Supplied entries:
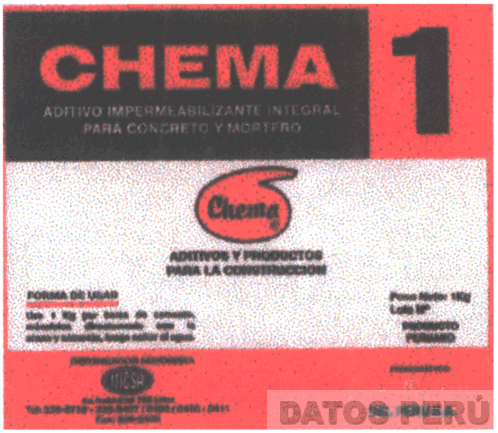 La etiqueta rectangular dividida en tres franjas horizontales en los colores negro, anaranjado y blanco; en la parte superior la denominación CHEMA en letras de color anaranjado sobre fondo rectangular de color negro, al costado derecho el numero 1 de color negro sobre un rectángulo mas pequeño de color anaranjado; en la franja blanca, en la parte superior central, la denominación CHEMA en letras características sobre fondo anaranjado; según modelo adjunto
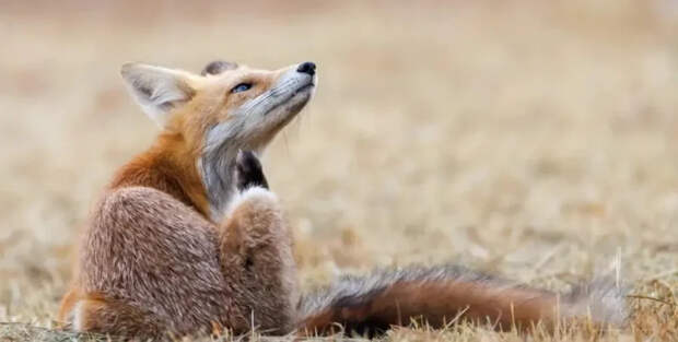 Лиса прогуливалась по пляжу как внезапно на нее с воздуха налетел сокол. Благодаря упругости и гибкости, ей удалось обмануть хищника и избежать нежелательных последствий.
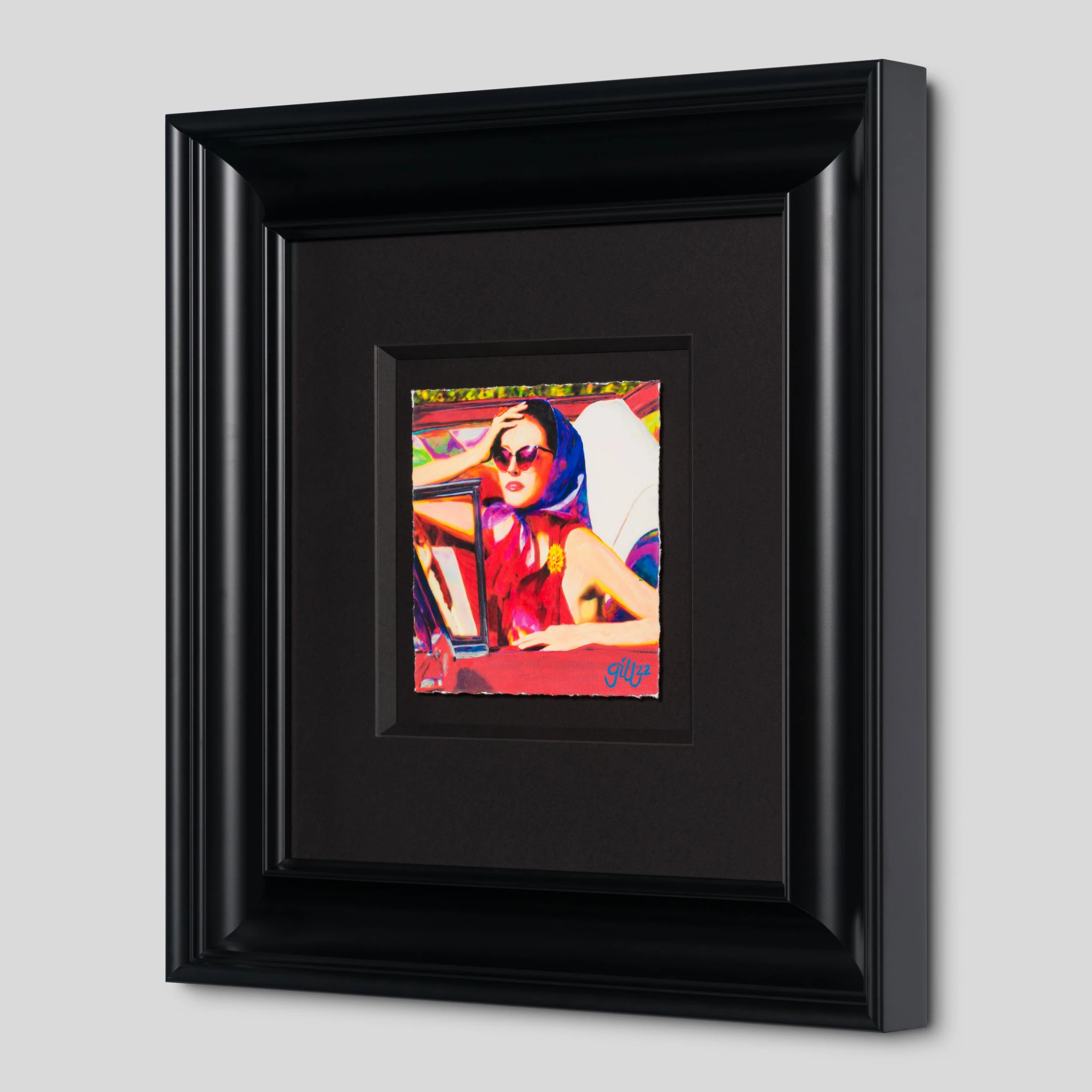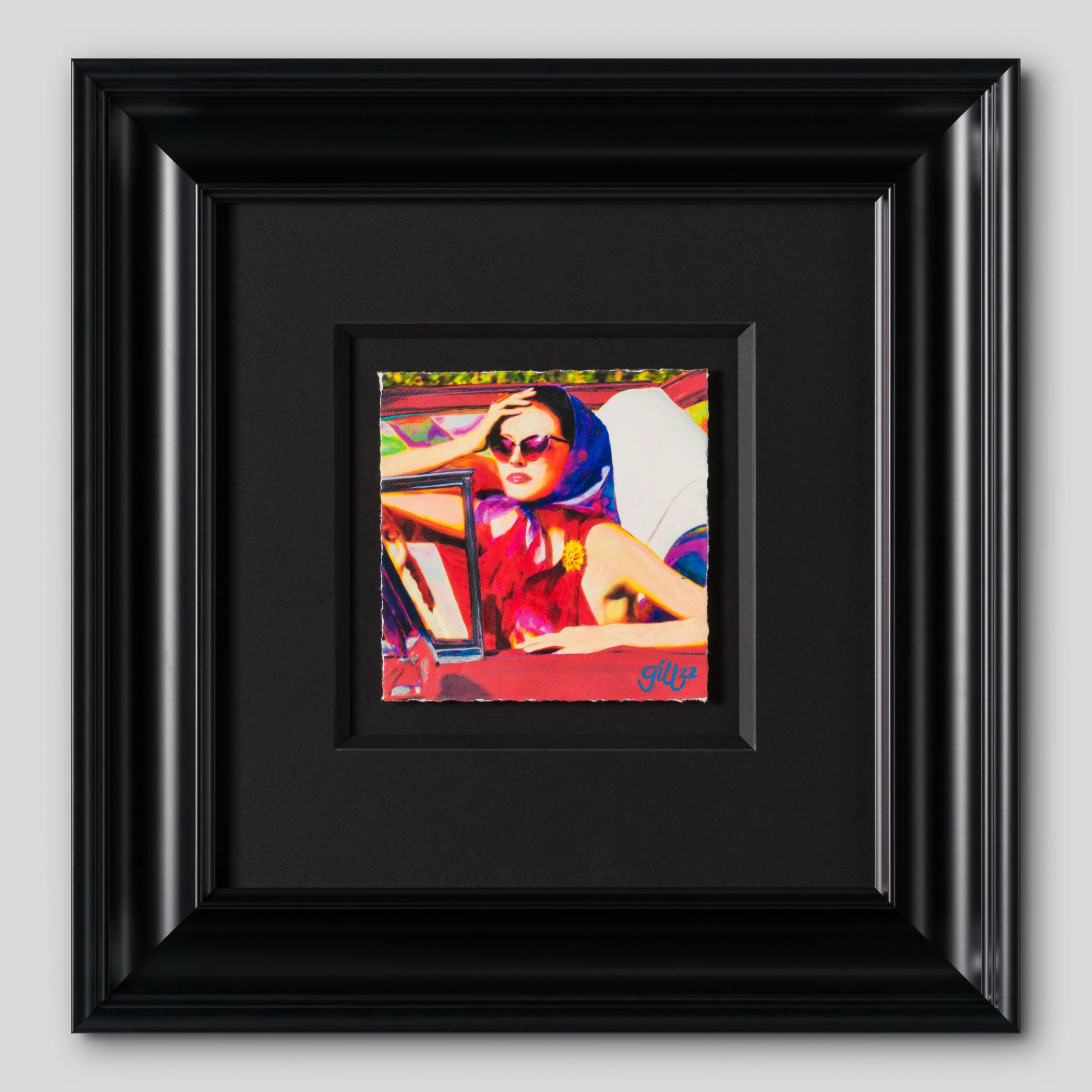 One of Pop Art’s hallmarks is its obsession with popular culture, and Gill’s Women in Cars series is firmly rooted in this. He began making the works in the 1960’s, when American magazines LIFE and TIME began printing paparazzi shots of film stars getting out of their cars. Women in Cars could offer something the magazines couldn’t – colour – and when the pieces began appearing in galleries, they were the epitome of cool modernity, and gave the public a chance to see celebrity in a new light. One of the earliest versions of the series, ‘Laughing Woman in car and Close Up’ was purchased by and exhibited in MoMa between works by Picasso and Odilon Redon. In the years 2020 to 2022, almost sixty years after his first works, at the age of over 85 years, acrylic paintings and studies are created which show the “Women In Cars” manifested in all their colourfulness and timeless presence. These acrylic originals and studies are modern embodiments of an idea that was ahead of its time, anticipating the omnipresence of social media and the struggle to protect a personal and private space of existing. These modern pieces are steeped in the history of the pop art movement and bring a fresh and exciting insight into the workings of one of the last living pioneers of the subject. artwork from this collection .
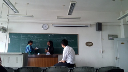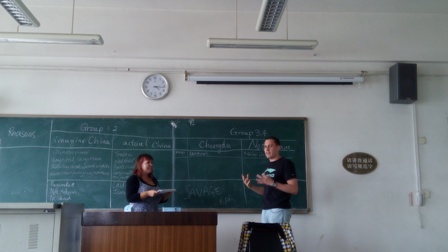 本次交流讨论活动由王果老师主持,同学们分组进行。中国员工与职工的半小时讨论后,由每组派两名同学上台发言。十多天的生活,职工们发现了中国繁华的现代城市、中国对历史的高度关注、中国的时尚繁荣。改变了他们想象中落后的中国的看法。此外,他们感受到成都湿润、火热的夏日,而成都的食物也如此,充满了“挑战”。最后,王果老师总结,他从19世纪以来中国历史发展的角度,解释了今日中国的发展进步。
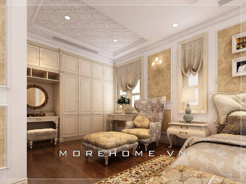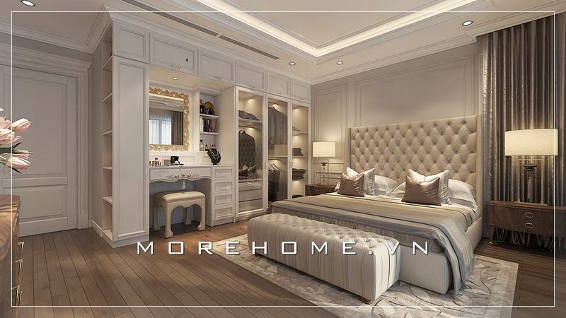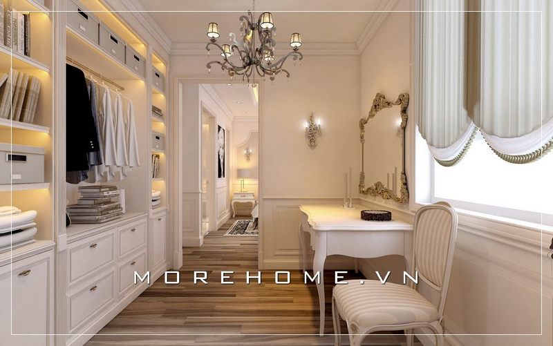 Thiết kế tủ áo tân cổ điển đầy sang trọng cho phòng ngủ Master biệt thự cao cấp
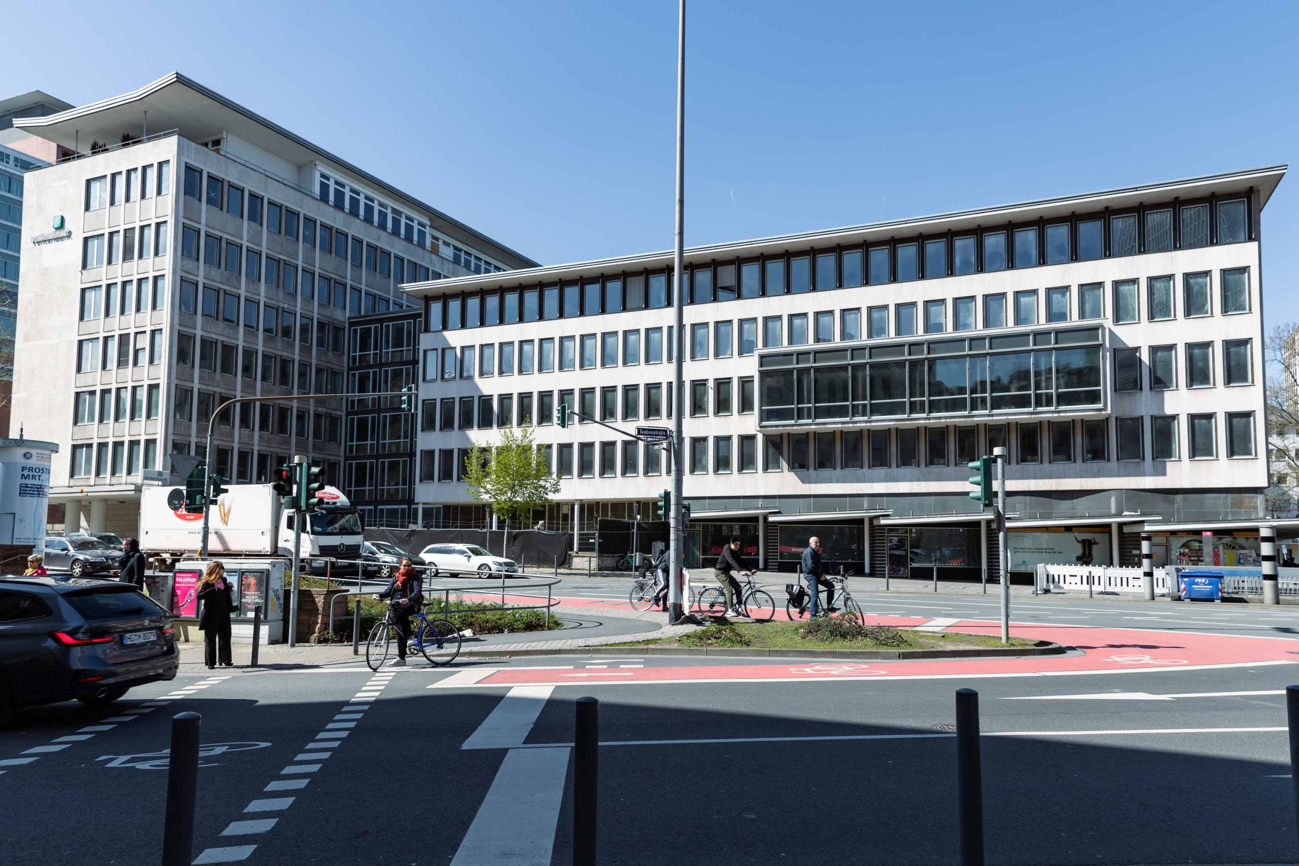 Die Revitalisierung im denkmalgeschützten Bestand ist eine herausfordernde Aufgabe, die baulichen Sachverstand und Kreativität erfordert. Während der Bauphase arbeiten die rund 300 MitarbeiterInnen der Rentenbank interimsweise im „Goldenen Haus“ in der City West. Für 2026 ist der Wiedereinzug der Rentenbank geplant. Die direkte Umgebung soll durch das Ansiedeln von Gastronomie und das Anlegen von Grünflächen belebt werden.
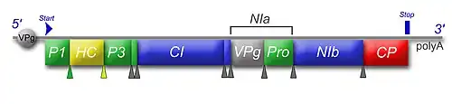 The genome of LMoV is a linear, single-stranded RNA with positive polarity [(+)ssRNA] and a length of 9644 nucleotides. A viral protein (VPg) is covalently bound to the 5'-end of the RNA. As with cellular messenger RNAs, a poly(A) tail of 20 to 160 adenosines is located at the 3' end of the viral genome. Between the two non-coding ends (NCR: non-coding region) is an open reading frame (ORF), which codes for a polyprotein of 3095 amino acids. This polyprotein is cleaved into the individual viral proteins by proteases during translation.
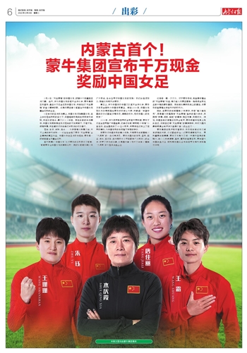 内蒙古首个! 蒙牛集团宣布千万现金 奖励中国女足
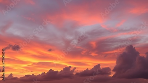 Fototapeta premium Dramatic sunrise with gradient orange and purple clouds, creating a panoramic abstract sky view.
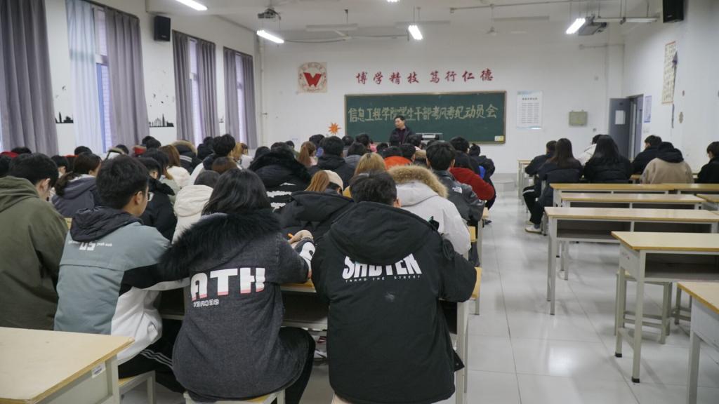 12月25日下午,信息工程学院团总支负责老师组织召开了学生干部考风考纪动员会,本次会议面向信息工程学院全体学生干部,解读了学院关于考试违纪与作弊的相关规定,帮助同学们认识到考试作弊的严重性,要求学生干部“文明考风,严肃考纪,从我做起,从现在做起”,劝戒学生干部要认真复习,积极备考,诚信应考,杜绝作弊,共同维护考试的公平公正,并将学院的要求传达到班级的每一名同学,共同打造优良的学风、考风。
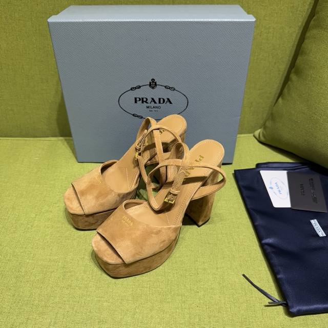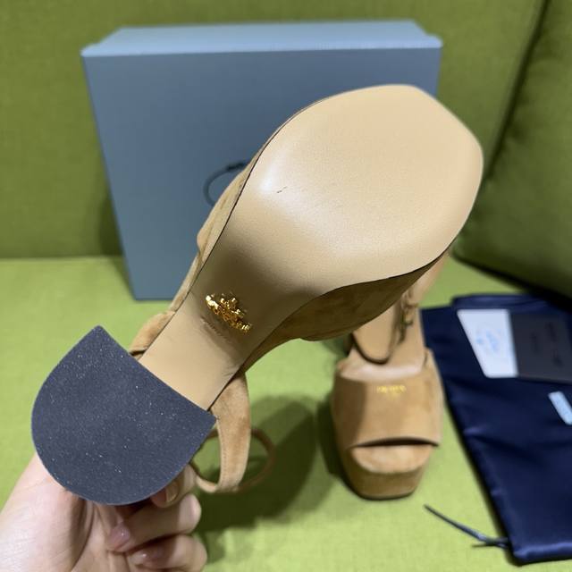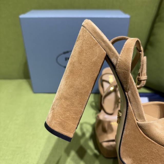 / 新色prada 普拉达2025Ss秋季新品 Saffiano高跟厚底绒面皮凉鞋,秉承现代设计理念,绽现精致魅力。 织物的新雅色彩平添明艳格调。标志性三角形徽标彰
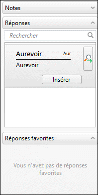 Les sections déroulantes Réponses et Réponses favorites apparaissent dans la barre latérale de la fenêtre Chat et de la fenêtre Email pour les messages sortants. La section Réponses est également disponible dans la fenêtre Rappel. Pour plus d'informations, consultez les rubriques Gestion des réponses pendant une session de chat ou Utilisation de la gestion des réponses dans un email.
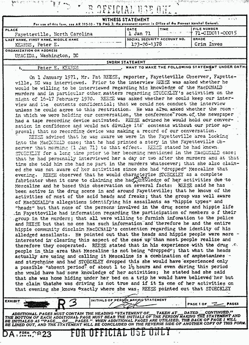 Statement of Peter Kearns re: Pat Reese and Helena Stoeckley
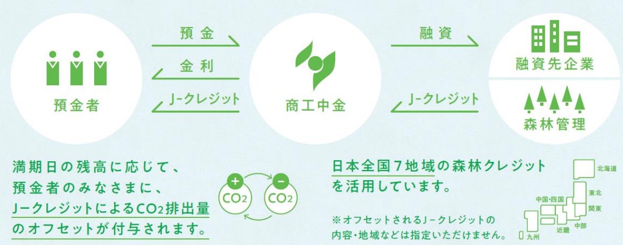 J-クレジット預金とは、J-クレジット(森林由来クレジット)によるカーボン・オフセット*が付与される預金です。森林由来クレジットは、間伐等の森林の適切な管理を行うことによるCO2排出量をクレジットとして国が認証したものです。
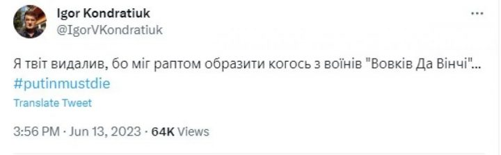 Пізніше Кондратюк видалив свій пост.

Exercise:
Every line above should be printed again word for word, without its pictures.

Your solution:
 La etiqueta rectangular dividida en tres franjas horizontales en los colores negro, anaranjado y blanco; en la parte superior la denominación CHEMA en letras de color anaranjado sobre fondo rectangular de color negro, al costado derecho el numero 1 de color negro sobre un rectángulo mas pequeño de color anaranjado; en la franja blanca, en la parte superior central, la denominación CHEMA en letras características sobre fondo anaranjado; según modelo adjunto
 Лиса прогуливалась по пляжу как внезапно на нее с воздуха налетел сокол. Благодаря упругости и гибкости, ей удалось обмануть хищника и избежать нежелательных последствий.
 One of Pop Art’s hallmarks is its obsession with popular culture, and Gill’s Women in Cars series is firmly rooted in this. He began making the works in the 1960’s, when American magazines LIFE and TIME began printing paparazzi shots of film stars getting out of their cars. Women in Cars could offer something the magazines couldn’t – colour – and when the pieces began appearing in galleries, they were the epitome of cool modernity, and gave the public a chance to see celebrity in a new light. One of the earliest versions of the series, ‘Laughing Woman in car and Close Up’ was purchased by and exhibited in MoMa between works by Picasso and Odilon Redon. In the years 2020 to 2022, almost sixty years after his first works, at the age of over 85 years, acrylic paintings and studies are created which show the “Women In Cars” manifested in all their colourfulness and timeless presence. These acrylic originals and studies are modern embodiments of an idea that was ahead of its time, anticipating the omnipresence of social media and the struggle to protect a personal and private space of existing. These modern pieces are steeped in the history of the pop art movement and bring a fresh and exciting insight into the workings of one of the last living pioneers of the subject. artwork from this collection .
 本次交流讨论活动由王果老师主持,同学们分组进行。中国员工与职工的半小时讨论后,由每组派两名同学上台发言。十多天的生活,职工们发现了中国繁华的现代城市、中国对历史的高度关注、中国的时尚繁荣。改变了他们想象中落后的中国的看法。此外,他们感受到成都湿润、火热的夏日,而成都的食物也如此,充满了“挑战”。最后,王果老师总结,他从19世纪以来中国历史发展的角度,解释了今日中国的发展进步。
 Thiết kế tủ áo tân cổ điển đầy sang trọng cho phòng ngủ Master biệt thự cao cấp
 Die Revitalisierung im denkmalgeschützten Bestand ist eine herausfordernde Aufgabe, die baulichen Sachverstand und Kreativität erfordert. Während der Bauphase arbeiten die rund 300 MitarbeiterInnen der Rentenbank interimsweise im „Goldenen Haus“ in der City West. Für 2026 ist der Wiedereinzug der Rentenbank geplant. Die direkte Umgebung soll durch das Ansiedeln von Gastronomie und das Anlegen von Grünflächen belebt werden.
 The genome of LMoV is a linear, single-stranded RNA with positive polarity [(+)ssRNA] and a length of 9644 nucleotides. A viral protein (VPg) is covalently bound to the 5'-end of the RNA. As with cellular messenger RNAs, a poly(A) tail of 20 to 160 adenosines is located at the 3' end of the viral genome. Between the two non-coding ends (NCR: non-coding region) is an open reading frame (ORF), which codes for a polyprotein of 3095 amino acids. This polyprotein is cleaved into the individual viral proteins by proteases during translation.
 内蒙古首个! 蒙牛集团宣布千万现金 奖励中国女足
 Fototapeta premium Dramatic sunrise with gradient orange and purple clouds, creating a panoramic abstract sky view.
 12月25日下午,信息工程学院团总支负责老师组织召开了学生干部考风考纪动员会,本次会议面向信息工程学院全体学生干部,解读了学院关于考试违纪与作弊的相关规定,帮助同学们认识到考试作弊的严重性,要求学生干部“文明考风,严肃考纪,从我做起,从现在做起”,劝戒学生干部要认真复习,积极备考,诚信应考,杜绝作弊,共同维护考试的公平公正,并将学院的要求传达到班级的每一名同学,共同打造优良的学风、考风。
 / 新色prada 普拉达2025Ss秋季新品 Saffiano高跟厚底绒面皮凉鞋,秉承现代设计理念,绽现精致魅力。 织物的新雅色彩平添明艳格调。标志性三角形徽标彰
 Les sections déroulantes Réponses et Réponses favorites apparaissent dans la barre latérale de la fenêtre Chat et de la fenêtre Email pour les messages sortants. La section Réponses est également disponible dans la fenêtre Rappel. Pour plus d'informations, consultez les rubriques Gestion des réponses pendant une session de chat ou Utilisation de la gestion des réponses dans un email.
 Statement of Peter Kearns re: Pat Reese and Helena Stoeckley
 J-クレジット預金とは、J-クレジット(森林由来クレジット)によるカーボン・オフセット*が付与される預金です。森林由来クレジットは、間伐等の森林の適切な管理を行うことによるCO2排出量をクレジットとして国が認証したものです。
 Пізніше Кондратюк видалив свій пост.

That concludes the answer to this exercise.